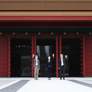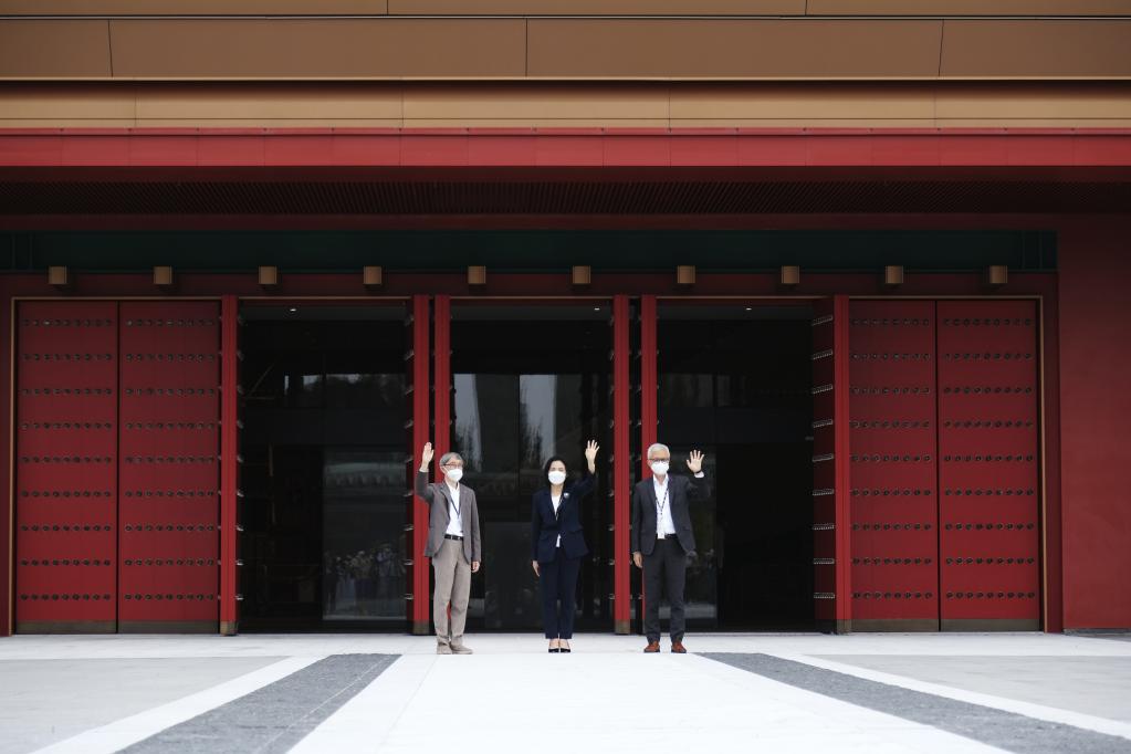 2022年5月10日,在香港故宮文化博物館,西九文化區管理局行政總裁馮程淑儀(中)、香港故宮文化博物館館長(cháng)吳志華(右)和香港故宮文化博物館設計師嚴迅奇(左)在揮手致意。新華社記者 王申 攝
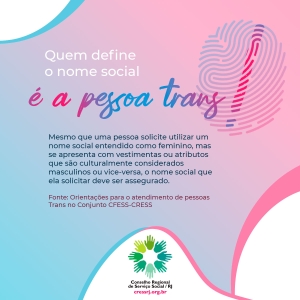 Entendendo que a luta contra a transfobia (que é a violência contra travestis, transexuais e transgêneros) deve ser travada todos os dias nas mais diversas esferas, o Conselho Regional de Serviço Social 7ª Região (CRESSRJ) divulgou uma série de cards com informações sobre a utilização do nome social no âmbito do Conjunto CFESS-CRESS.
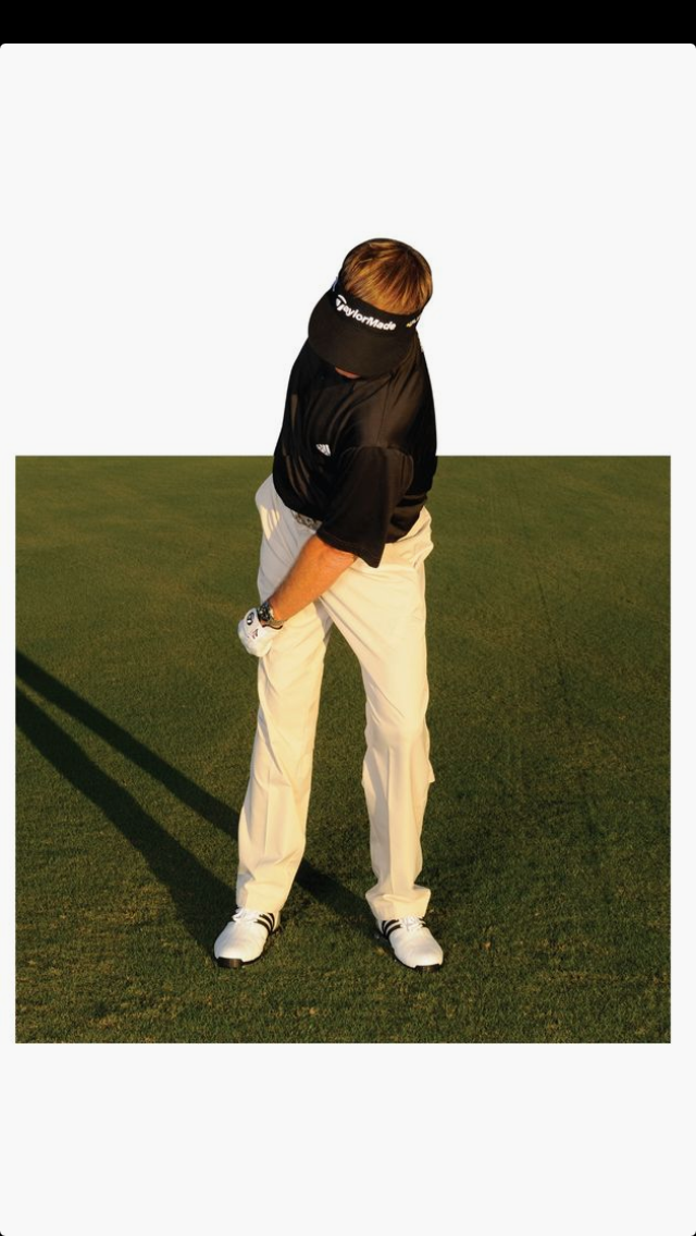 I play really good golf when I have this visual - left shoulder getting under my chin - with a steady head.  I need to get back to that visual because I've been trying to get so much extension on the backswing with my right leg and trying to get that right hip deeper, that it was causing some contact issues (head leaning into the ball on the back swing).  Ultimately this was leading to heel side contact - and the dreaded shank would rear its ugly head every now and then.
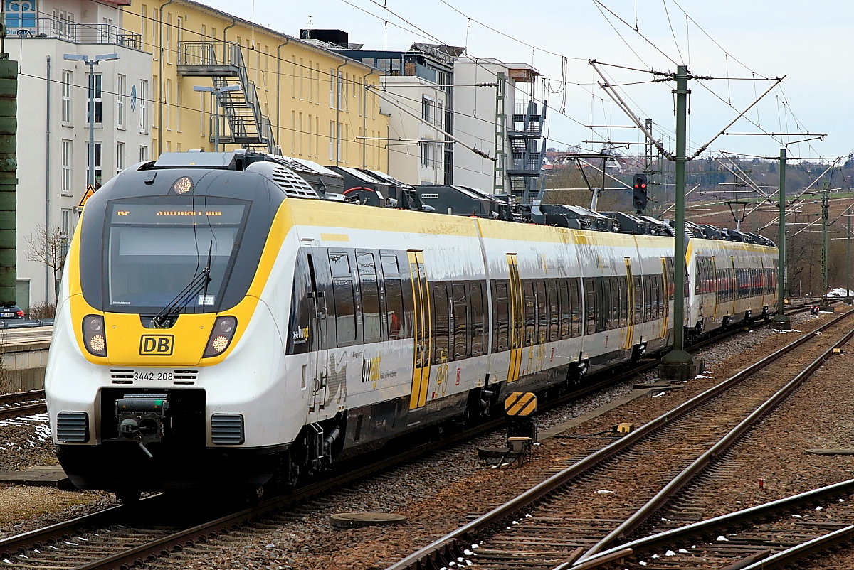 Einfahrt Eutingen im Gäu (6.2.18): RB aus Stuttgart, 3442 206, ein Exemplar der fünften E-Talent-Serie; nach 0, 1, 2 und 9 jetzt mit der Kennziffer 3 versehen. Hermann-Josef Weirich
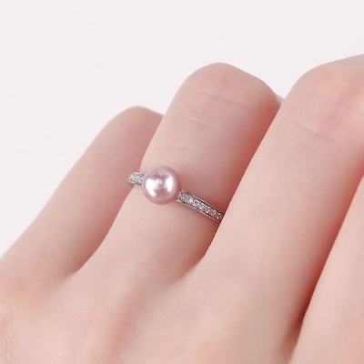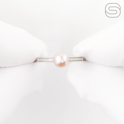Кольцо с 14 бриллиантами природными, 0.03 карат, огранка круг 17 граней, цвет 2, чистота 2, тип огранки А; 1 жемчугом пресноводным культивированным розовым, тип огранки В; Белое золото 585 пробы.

= = = = =

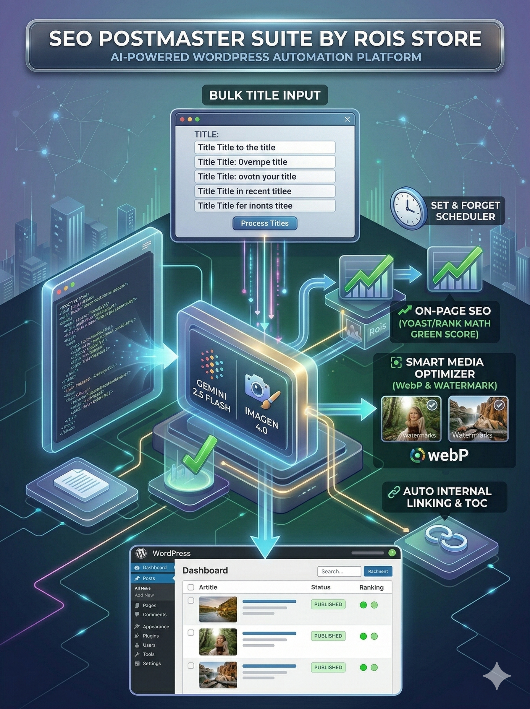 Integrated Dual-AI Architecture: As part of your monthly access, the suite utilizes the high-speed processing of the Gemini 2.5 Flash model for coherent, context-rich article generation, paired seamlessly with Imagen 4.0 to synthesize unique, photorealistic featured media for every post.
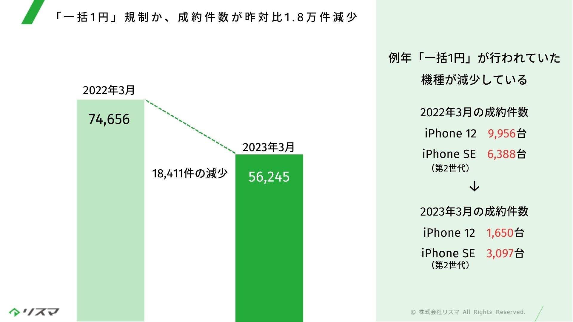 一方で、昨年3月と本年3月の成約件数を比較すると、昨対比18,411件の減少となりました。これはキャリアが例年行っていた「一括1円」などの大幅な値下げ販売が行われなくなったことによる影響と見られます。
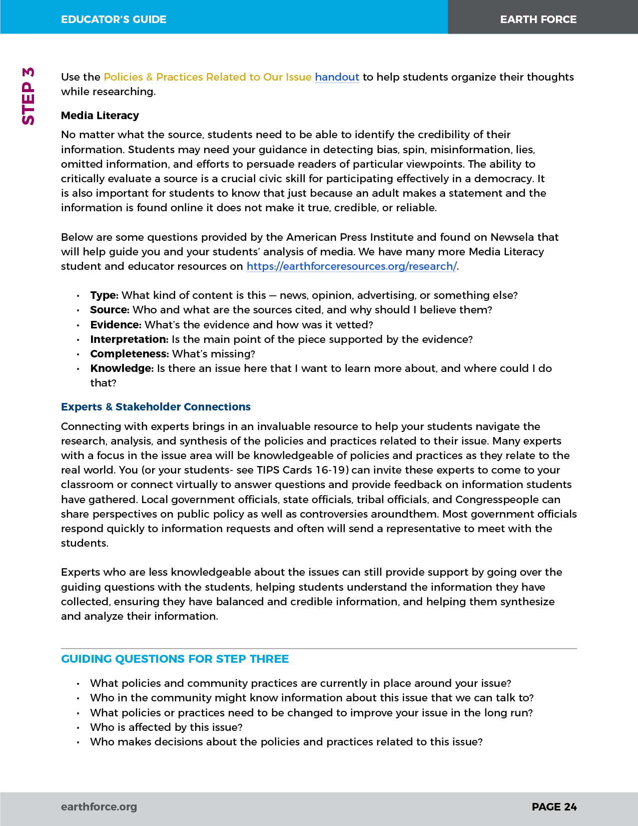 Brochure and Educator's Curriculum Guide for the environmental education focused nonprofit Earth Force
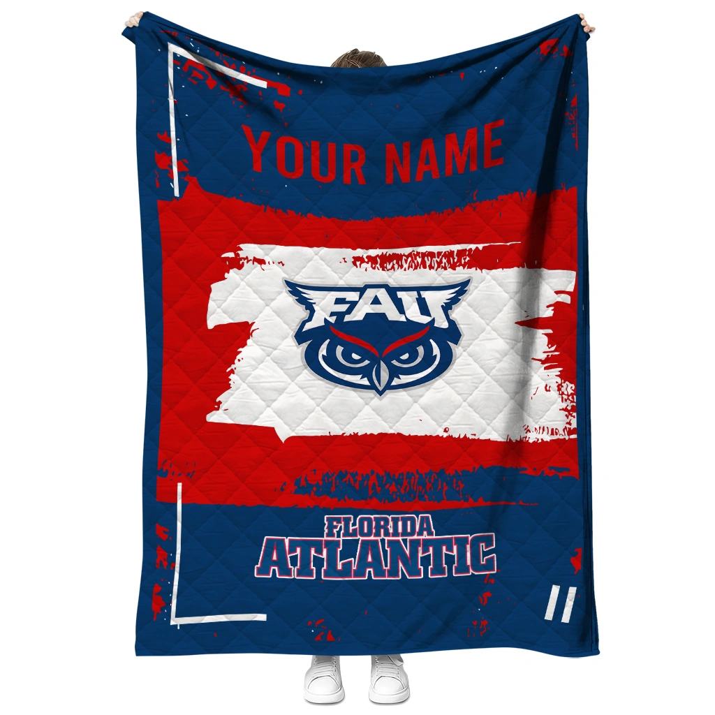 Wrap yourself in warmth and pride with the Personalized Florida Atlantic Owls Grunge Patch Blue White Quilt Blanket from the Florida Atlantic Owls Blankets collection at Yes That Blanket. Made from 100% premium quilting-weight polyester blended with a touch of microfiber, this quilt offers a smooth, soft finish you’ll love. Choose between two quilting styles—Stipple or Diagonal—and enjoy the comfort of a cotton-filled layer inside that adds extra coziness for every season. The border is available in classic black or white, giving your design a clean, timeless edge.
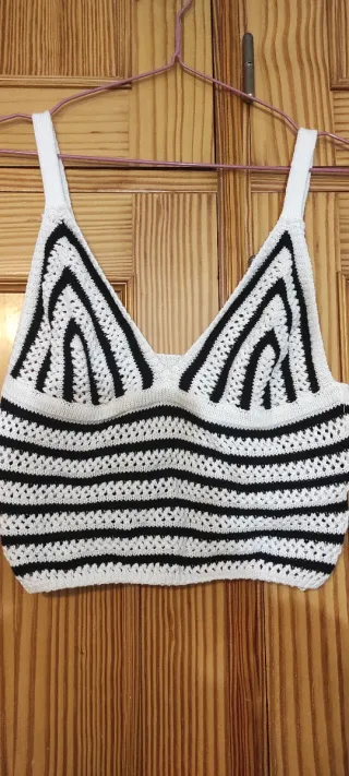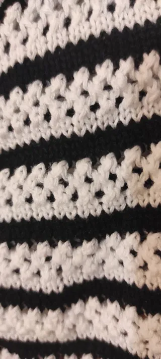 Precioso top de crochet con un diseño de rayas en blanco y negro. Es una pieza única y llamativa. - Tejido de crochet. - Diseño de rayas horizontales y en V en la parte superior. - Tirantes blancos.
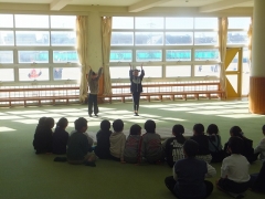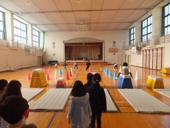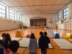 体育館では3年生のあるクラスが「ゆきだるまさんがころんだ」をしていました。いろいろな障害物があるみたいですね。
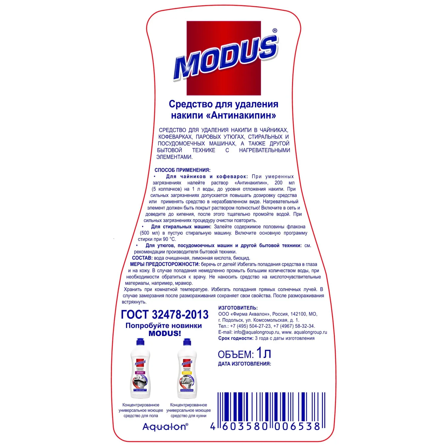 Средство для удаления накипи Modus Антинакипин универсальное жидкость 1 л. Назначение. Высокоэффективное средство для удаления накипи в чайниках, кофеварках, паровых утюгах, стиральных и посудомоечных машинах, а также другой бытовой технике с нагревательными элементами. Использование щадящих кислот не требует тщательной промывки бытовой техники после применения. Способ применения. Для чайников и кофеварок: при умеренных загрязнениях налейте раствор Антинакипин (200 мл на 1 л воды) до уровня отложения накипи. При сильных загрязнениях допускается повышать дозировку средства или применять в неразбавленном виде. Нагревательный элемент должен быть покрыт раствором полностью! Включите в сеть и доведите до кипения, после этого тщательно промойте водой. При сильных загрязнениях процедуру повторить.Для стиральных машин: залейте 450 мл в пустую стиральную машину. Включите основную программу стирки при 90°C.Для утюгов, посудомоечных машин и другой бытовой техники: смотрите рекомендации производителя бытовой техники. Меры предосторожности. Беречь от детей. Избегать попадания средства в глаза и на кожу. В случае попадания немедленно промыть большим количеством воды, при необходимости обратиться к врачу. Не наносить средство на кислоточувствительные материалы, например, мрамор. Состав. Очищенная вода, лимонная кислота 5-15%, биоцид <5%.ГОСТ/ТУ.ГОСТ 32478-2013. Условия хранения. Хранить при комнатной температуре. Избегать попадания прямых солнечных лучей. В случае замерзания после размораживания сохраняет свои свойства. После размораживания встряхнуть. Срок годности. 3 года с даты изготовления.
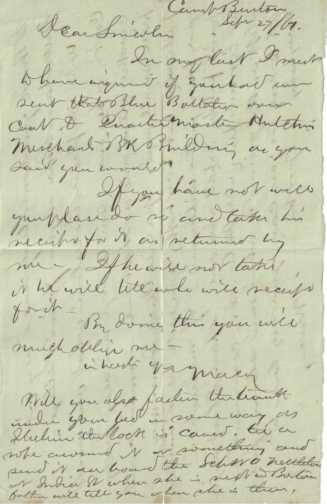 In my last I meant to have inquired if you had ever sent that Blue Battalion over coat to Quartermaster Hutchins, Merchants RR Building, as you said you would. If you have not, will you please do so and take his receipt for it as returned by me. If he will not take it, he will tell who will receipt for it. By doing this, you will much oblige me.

= = = = =

Work to be completed:
Look above for the line with "Integrated Dual-AI Architecture: As", then give again exactly every line from there through the line with "Brochure and Educator's", skipping the pictures.

Response area:
 Integrated Dual-AI Architecture: As part of your monthly access, the suite utilizes the high-speed processing of the Gemini 2.5 Flash model for coherent, context-rich article generation, paired seamlessly with Imagen 4.0 to synthesize unique, photorealistic featured media for every post.
 一方で、昨年3月と本年3月の成約件数を比較すると、昨対比18,411件の減少となりました。これはキャリアが例年行っていた「一括1円」などの大幅な値下げ販売が行われなくなったことによる影響と見られます。
 Brochure and Educator's Curriculum Guide for the environmental education focused nonprofit Earth Force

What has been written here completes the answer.